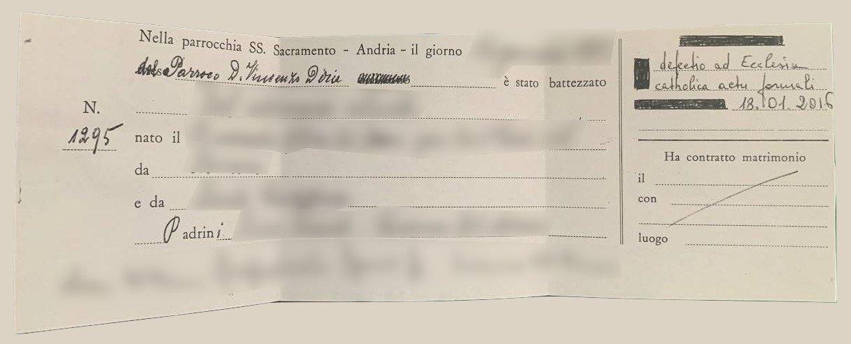 Una persona ha chiesto la rettifica dei dati relativi al proprio battesimo avvenuto a Ss. Sacramento - ANDRIA (BT) il 18/01/2016, dichiarando di non voler più far parte della Chiesa Cattolica.
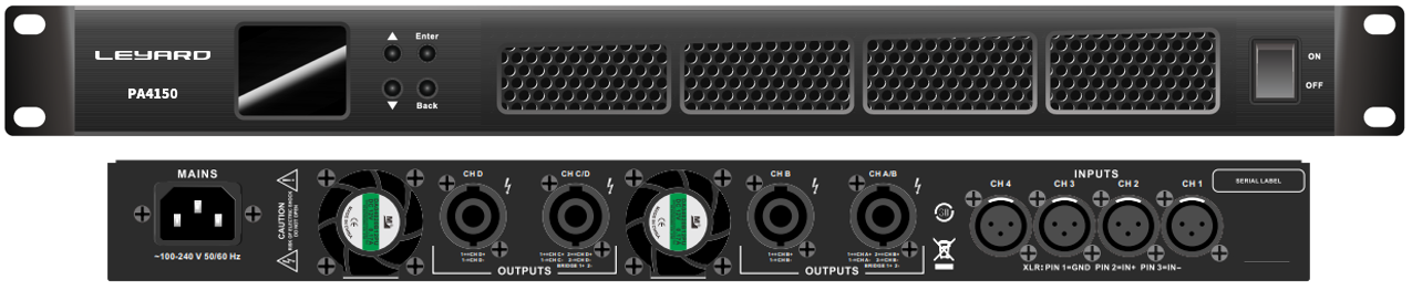 PA4150是高性能4通道D类音频功率放大器,PA4150峰值总功率达到1200W(负载为8Ω时),适用于驱动leyard商用系列扬声器。
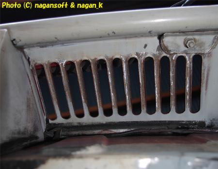 エンジンルームから上を見上げたら見える、エアダクトスリッドの裏面です。
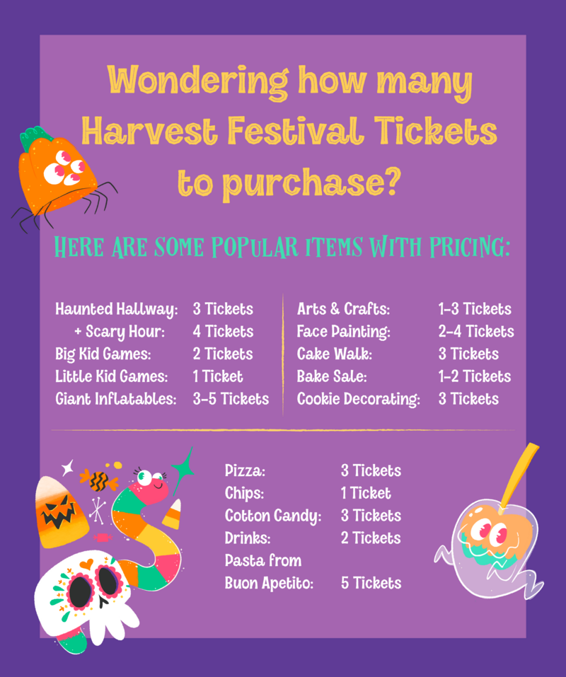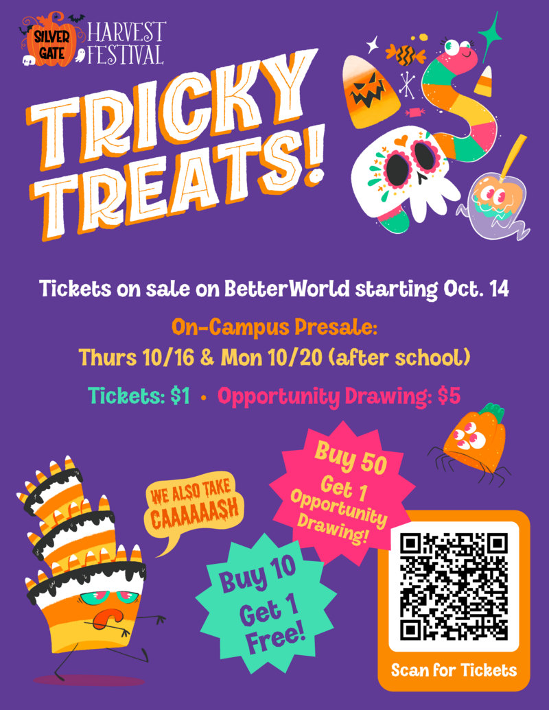 Admission to the event is free, and ticket prices for booths and games range between 1-5 tickets, including drinks, snacks, bake sale and pizza! Online presale available through Wednesday 10/22. In-person pre-sales will occur at Silver Gate on Thursday 10/16 after school and Monday 10/20 before school & during Monday assembly on the blacktop.
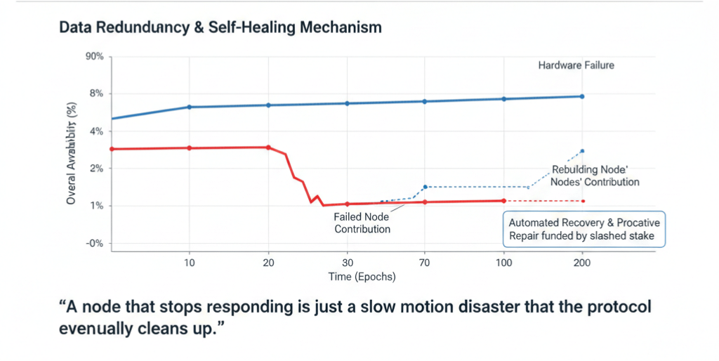 Mesmo que um nó se torne totalmente não responsivo, o sistema é projetado para eventualmente mover esses shards para longe e manter a rede saudável. Não é sempre bonito e pode ser caro para aqueles que não seguem as regras, mas funciona.
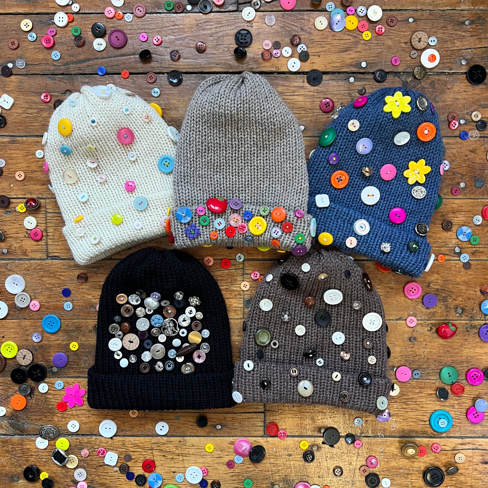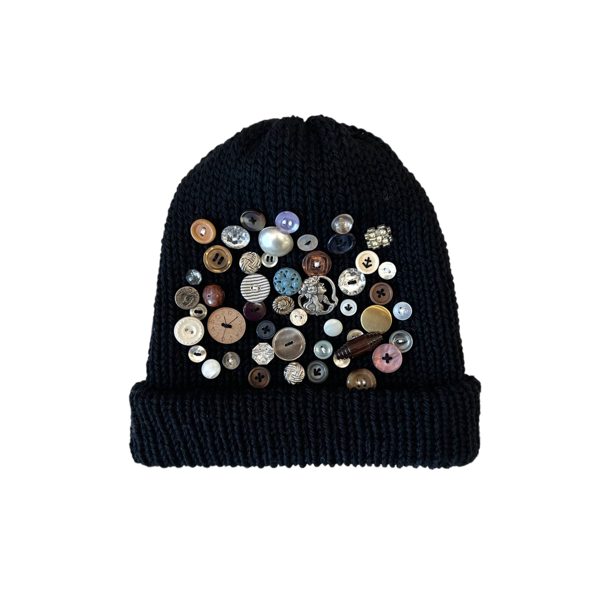 black wool button beanie
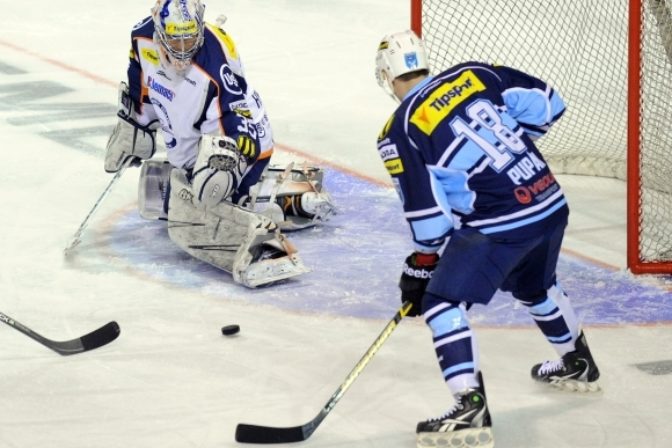 Zľava: Radovan Trefný z Nitry a Patrik Svitana z Košíc počas prvého zápasu semifinále Slovnaft play-off Tipsport extraligy medzi HC Košice - HK Nitra . Košice, 24. marec 2013. Foto: SITA/Ivan Fleischer

____________________

No pictures, please. Output the listing above exactly as it stands.

__Task solution__:
 Una persona ha chiesto la rettifica dei dati relativi al proprio battesimo avvenuto a Ss. Sacramento - ANDRIA (BT) il 18/01/2016, dichiarando di non voler più far parte della Chiesa Cattolica.
 PA4150是高性能4通道D类音频功率放大器,PA4150峰值总功率达到1200W(负载为8Ω时),适用于驱动leyard商用系列扬声器。
 エンジンルームから上を見上げたら見える、エアダクトスリッドの裏面です。
 Admission to the event is free, and ticket prices for booths and games range between 1-5 tickets, including drinks, snacks, bake sale and pizza! Online presale available through Wednesday 10/22. In-person pre-sales will occur at Silver Gate on Thursday 10/16 after school and Monday 10/20 before school & during Monday assembly on the blacktop.
 Mesmo que um nó se torne totalmente não responsivo, o sistema é projetado para eventualmente mover esses shards para longe e manter a rede saudável. Não é sempre bonito e pode ser caro para aqueles que não seguem as regras, mas funciona.
 black wool button beanie
 Zľava: Radovan Trefný z Nitry a Patrik Svitana z Košíc počas prvého zápasu semifinále Slovnaft play-off Tipsport extraligy medzi HC Košice - HK Nitra . Košice, 24. marec 2013. Foto: SITA/Ivan Fleischer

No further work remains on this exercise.